Maarif Vakfı çalışmaları daha önce Türk Hükümeti merkezli başka projelere çok benziyor. Almanya İçişleri Bakanlığı, Erdoğan bağlantılı ‘Almanyalı Osmanlılar’ (Osmanen Germania) çetesinin tüm faaliyetlerine yasak getirildiğini açıklamıştı. Açıklamada Almanyalı Osmanlılar’ın ‘bireysel haklar ve kamuya ciddi bir tehlike teşkil ettiği’ vurgusu yapılmıştı. İsrail ise Gazze’de faaliyetleri bulunan Türk İşbirliği ve Koordinasyon Ajansı’na (TİKA) yönelik kısıtlamalarda bulunacağını bildirmişti. TİKA, ‘Gazze’deki ofisinde İslami Cihad Hareketi üyelerini barındırmak’ ve ‘Hamas’a finansal destek ve bilgi sağlamakla suçlanıyor.
Maarif Vakfı şimdiden bazı handikapları beraberinde taşıyor. Türk Hükümeti devlet kurumlarına yerleştiremediği insanların istihdâmını düşünüyor. Bu kişiler başarısı ve performansı düşük ve AKP siyasi düşüncesine sahip yabancı dil yetersizliği olan kişiler. Maalesef çoğu itibariyle radikal düşünceye sahip eğitmenler. İŞİD ve El kaide zihniyetine açık, tecrübesi olmayan eğitmenlerin yetersiz olacaktır. Radikal-selefi görüşleri neticesinde o ülkelerde yeni bir sorun ortaya çıkacaktır. Kavgacı nesillerin tohumu atılacak, İŞİD elkâide sempatizanlığı başlayacaktır.

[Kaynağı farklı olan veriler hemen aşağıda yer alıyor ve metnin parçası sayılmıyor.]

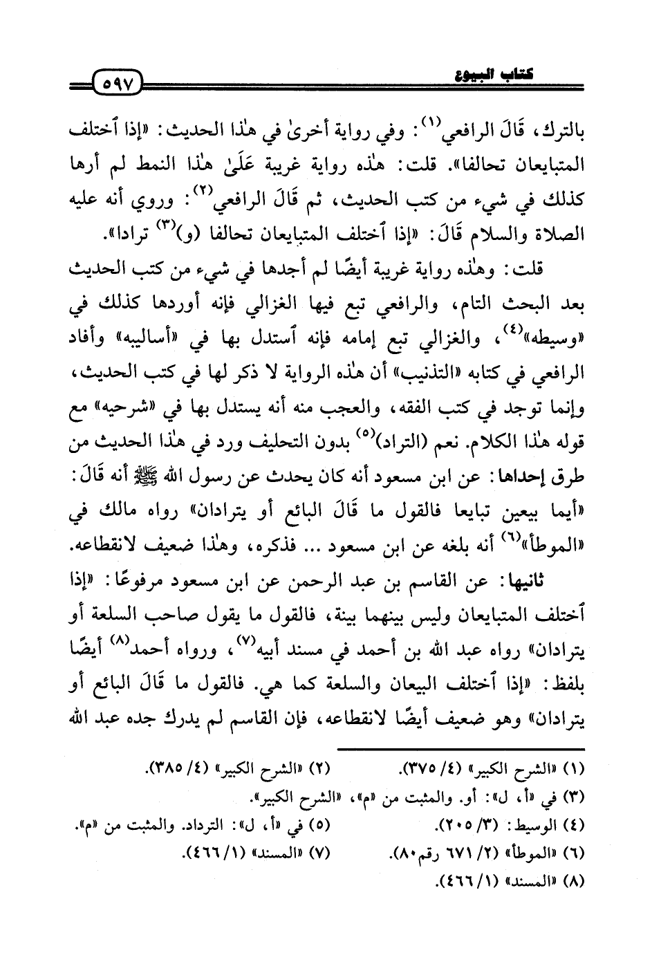 قلت: وَهَذِه رِوَايَة غَرِيبَة أَيْضا لم أَجدهَا فِي شَيْء من كتب الحَدِيث بعد الْبَحْث التَّام، والرافعي تبع فِيهَا الْغَزالِيّ فَإِنَّهُ أوردهَا كَذَلِك فِي «وسيطه» ، وَالْغَزالِيّ تبع إِمَامه فَإِنَّهُ اسْتدلَّ بهَا فِي «أساليبه» وَأفَاد الرَّافِعِيّ فِي كِتَابه «التذنيب» أَن هَذِه الرِّوَايَة لَا ذكر لَهَا فِي كتب الحَدِيث، وَإِنَّمَا تُوجد فِي كتب الْفِقْه، وَالْعجب مِنْهُ أَنه يسْتَدلّ بهَا فِي «شرحيه» مَعَ قَوْله هَذَا الْكَلَام. نعم (التراد) بِدُونِ التَّحْلِيف ورد فِي هَذَا الحَدِيث من طرق إِحْدَاهَا: عَن ابْن مَسْعُود أَنه كَانَ يحدث عَن رَسُول الله - صَلَّى الله عَلَيْهِ وَسلم - أَنه قَالَ: «أَيّمَا بيعين تبَايعا فَالْقَوْل مَا قَالَ البَائِع أَو يترادان» رَوَاهُ مَالك فِي «الْمُوَطَّأ» أَنه بلغه عَن ابْن مَسْعُود ... فَذكره، وَهَذَا ضَعِيف لانقطاعه.
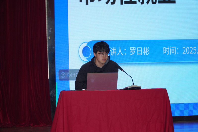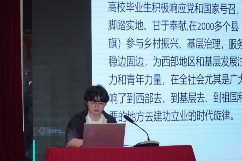 入选西部计划志愿者的张萌同学介绍了西部计划的招募流程、具体服务项目等,他着重强调了国家对西部计划志愿者的政策支持,他鼓励同学们将个人理想与国家发展战略相结合,在西部广袤的土地上书写属于自己的青春篇章。
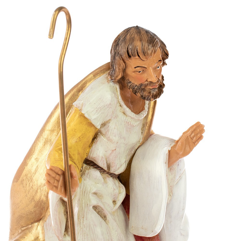 Composta da 5 pezzi: San Giuseppe, la Madonna, Gesù Bambino, bue e asinello. Realizzata in PVC, colorazione tipo legno. Tutti i personaggi prodotti da questa azienda sono dipinti interamente a mano. Prodotto made in Italy.
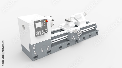 Lathe 3D rendering milling machine isolated in white studio background. Metal works
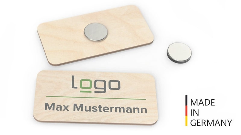Der moderne Look der naturbelassenen Holzoberfläche macht das EcoBadge zu einem echten Blickfang im Berufsalltag – ideal als Firmen-Namensschild , für Messe- und Eventpersonal , Hotellerie , Einzelhandel oder andere Dienstleistungsbranchen.
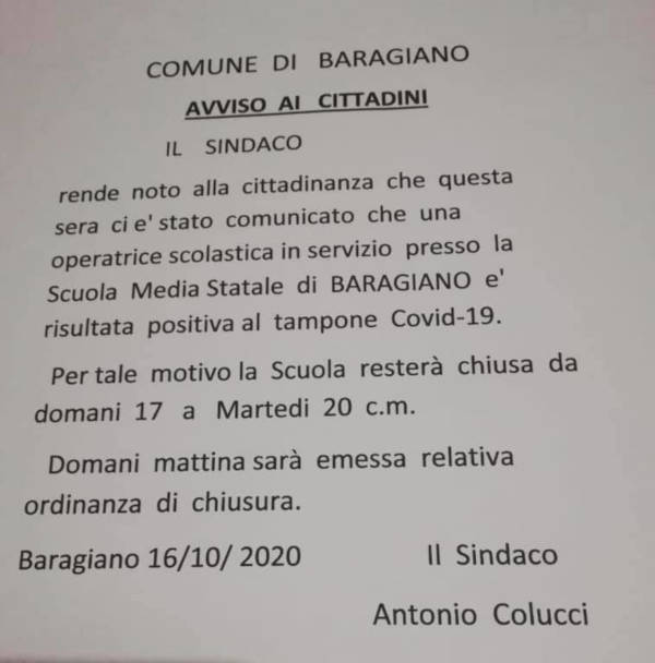“Ci è stato comunicato che una operatrice scolastica, in servizio presso la Scuola Media Statale di BARAGIANO, è risultata positiva al tampone Covid-19.

MAKSAT AKP’NİN İDEOLOJİSİNİ BAŞKA ÜLKELERE TAŞIMAK
AKP iktidarı kendi ülkesinin Doğu ve Güneydoğu illerine öğretmen gönderemezsen eğitim faaliyetlerini Maarif Vakfı aracılığıyla dünyaya taşımak istemesindeki temel amaç; partinin görüş ve rejimini başka ülkelere ihracıdır. AKP iktidarının Ortadoğu’da radikal gruplarla yakın ilişkisi bilinmektedir. Ayrıca vakfın finansmanını sağlayacak devletler düşünüldüğünde bu okullar her ülke açısından kendi güvenliklerine tehdit noktasında ileriye dönük bir sorun olarak algılanacaktır.